ADAPTED PROGRAM - CALLING MODULE

/* File SumDiffFile.c

//

// Sample of science/engineering program that processes an array of data structures.

//

// Together with SumDiffProcess.exe, implements same processing as SumDiffMem.exe

//

// As a step toward distributed processing, SumDiffMem.c has been broken into

// this outer program (SumDiffFile.c) and SumDiffProcess.c, which operates

// on a single data structure.

//

// Data is communicated to/from SumDiffProcess by invoking a command:

//            SumDiffProcess inputFile outputFile

//

// Unlike the memory version, calculation of totals is handled in this calling program.

//

*/

 

 

#include <stdio.h>

#include <process.h>

#include <stdlib.h>

 

typedef struct {

       int value1;

       int value2;

       int sum;

       int diff;

}SD_DATA;

 

SD_DATA dataArray[3] = {

       {1,3,0,0},

       {2,5,0,0},

       {4,1,0,0}

};

 

typedef struct {

       int sum;

       int diff;

}SD_TOTAL;

SD_TOTAL total;

 

int externalProcessData(int index,SD_DATA *dp)

{

       char inFileName[100];

       char outFileName[100];

       char cmdLine[100];

       char buf[100];

       FILE *f;

 

       // make unique filenames for debugging and future parallel processing

       sprintf(inFileName,"dataFile%d.txt",index);

       sprintf(outFileName,"resultFile%d.txt",index);

       f = fopen(inFileName,"w+t");

       fprintf(f,"%d\n",dp->value1);

       fprintf(f,"%d\n",dp->value2);

       fclose(f);

 

       // build command line to pass to system

       sprintf(cmdLine,"SumDiffProcess %s %s",inFileName, outFileName);

       system(cmdLine);

 

       // get results from output file

       f = fopen(outFileName,"rt");

       if (!f)return 0;

       fgets(buf,100,f);

       dp->sum = atoi(buf);

 

       fgets(buf,100,f);

       dp->diff = atoi(buf);

       fclose(f);

       return 1;

}

 

int main(int argc, char **argv)

{

       int i;

       total.diff = 0;

       total.sum = 0;

       for(i = 0; i < 3; i++){

              externalProcessData(i,dataArray + i);   

       }

       for(i = 0; i < 3; i++){

              // totals calculated here, not in individual element processing

              total.sum += dataArray[i].sum;

              total.diff += dataArray[i].diff;

 

              printf("%d %d %d %d %d\n",

                     i,

                     dataArray[i].value1,

                     dataArray[i].value2,

                     dataArray[i].sum,

                     dataArray[i].diff);

       }

       printf("Total %d %d\n",total.sum,total.diff);

 

}

ADAPTED PROGRAM - CALLED MODULE

/* File SumDiffProcess.c

//

// Sample of science/engineering program that processes an array of data structures.

//

// Together with SumDiffFile.exe, implements same processing as SumDiffMem.exe.

//

// As a step toward distributed processing, SumDiffMem.c has been broken into

// an outer program (SumDiffFile.exe) and this one, which operates

// on a single data structure.

//

// This program is invoked by SumDiffFile via the system command.

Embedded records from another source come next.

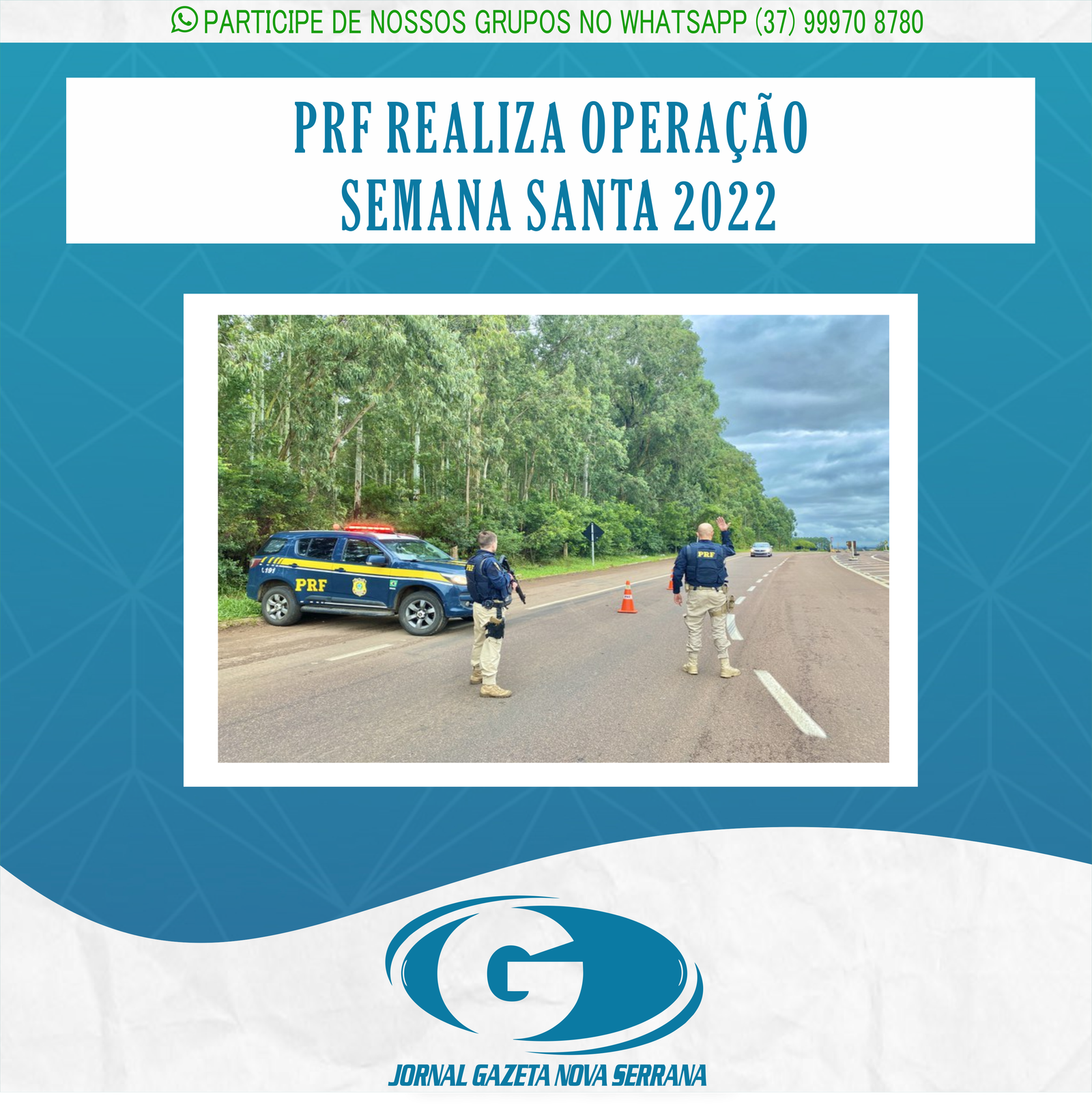 A Operação Semana Santa 2022, com início a 0h01 de 14/04 e término às 23h59 de 17/04, será executada em todo o Brasil Polícia Rodoviária Federal com o objetivo de promover a segurança viária nos deslocamentos pelas rodovias federais.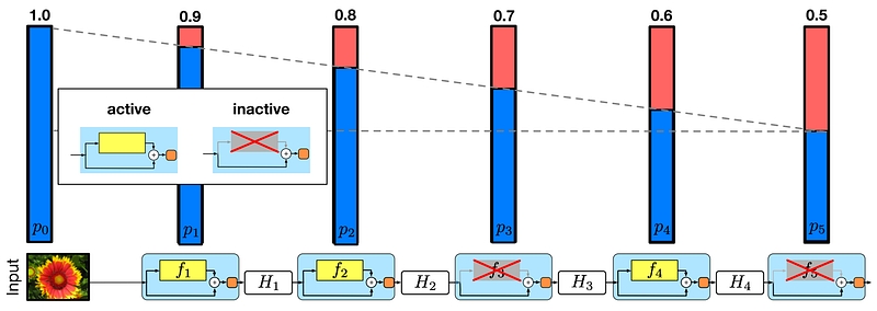 Formally, let H_l be the output of the l_th residual block, f_l be the mapping defined by the l_th block’s weighted mapping, b_l be a Bernoulli random variable that be only 1 or 0 (indicating whether a block is active), during training:![]()
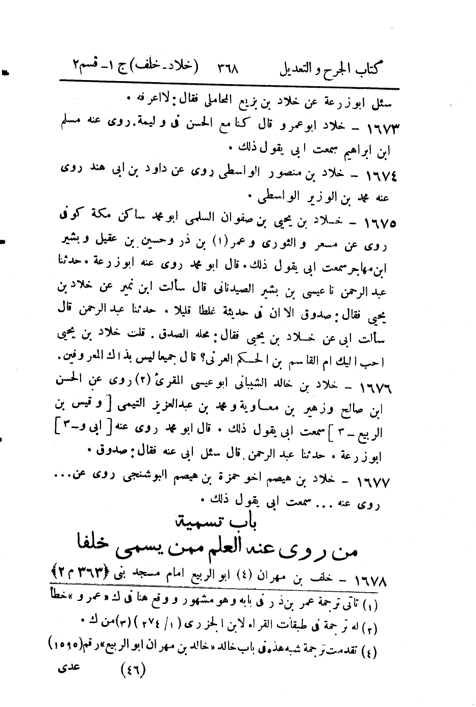 - باب تسمية من رُوي عنه العلم، مِمَّن يُسَمَّى خلفا.

// Data is communicated via an input file (argv[1]) and an output file (argv[2]);

//

// Unlike the memory version, calculation of totals is handled

// in the calling program (SumDiffFile)

// The processData routine still modifies totals, but the data goes nowhere.

// This approach allows the processData routine to remain unchanged

// from memory to file versions.

// In real applications, it may be complex code that is better left untouched.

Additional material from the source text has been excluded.